People in COVID-19 vaccine trials at UNC, Duke talk about why they volunteered

Orange County News

DURHAM, N.C. (WNCN) — Researchers across the world are racing to come up with a vaccine to prevent COVID-19, and in order to do that they need tens of thousands of volunteers willing to roll up their sleeves and test it.

CBS 17 spoke to two people participating in the vaccine trials about why they wanted to take part and what they’re experiencing. 

Rachel Lieff Axelbank knows the pain COVID-19 can cause. She lost her grandmother to the virus. 

“My grandma lived in New York City, in an assisted living facility, and it was really what we were afraid of,” she said.  “Losing her and then also not able to be together was like the double injury.”

Wanting to do her part to fight the pandemic, Axelbank, of Hillsborough, volunteered for a vaccine trial at UNC.

“I was raised to believe that you do whatever you can to help others,” she explained.  
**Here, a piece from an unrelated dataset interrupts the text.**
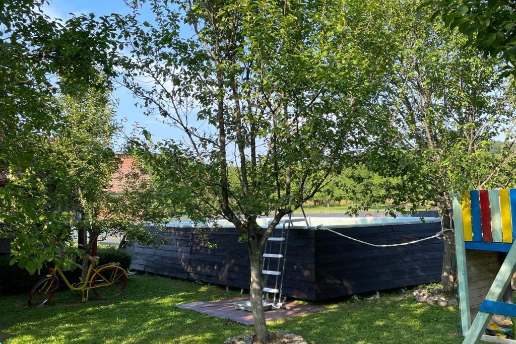 A children's playground is also available. We have included a 7*3.5 meter swimming pool in our offer. It is an Intex pool that we covered with wood.
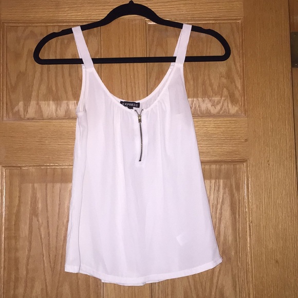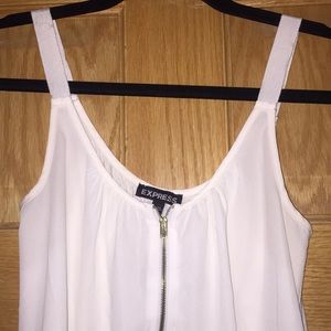 Cute off white colored tank top from Express with gold zipper detail! Great for layering with cardigans for fall.

Dr. Cameron Wolfe researches and treats infectious diseases, including COVID, at Duke. He’s volunteering for a clinical trial there. 

“I have to believe that part of the prevention here is to have as many people as possible get safely vaccinated, and we can’t get to that part unless we have a robust number of people willing to volunteer,” Wolfe said.

 The trials at Duke and UNC are testing vaccines made by different companies, but both require two doses several weeks apart. Participants monitor any potential side effects. 

“There are some people who, after the second dose of these vaccines, have some minor muscle aches and pains fevers chills that sort of thing,” noted Wolfe.

“I felt that I experienced some things over the 24 hours after each dose,” said Axelbank. “I would not have said for sure because basically I was given a reason to go looking for something.”

Neither Wolfe nor Axelbank knows whether they received a placebo or the real thing, but both hope their experience helps determine whether these vaccines are safe and effective. 

“It also helps me to be professionally in a better place to tell patients and colleagues what that experience was like,” said Wolfe.

“This is also about my grandma’s legacy,” said Axelbank, who described her grandmother as a community activist. “She would absolutely have been out there herself had anyone accepted her as a trial participant.”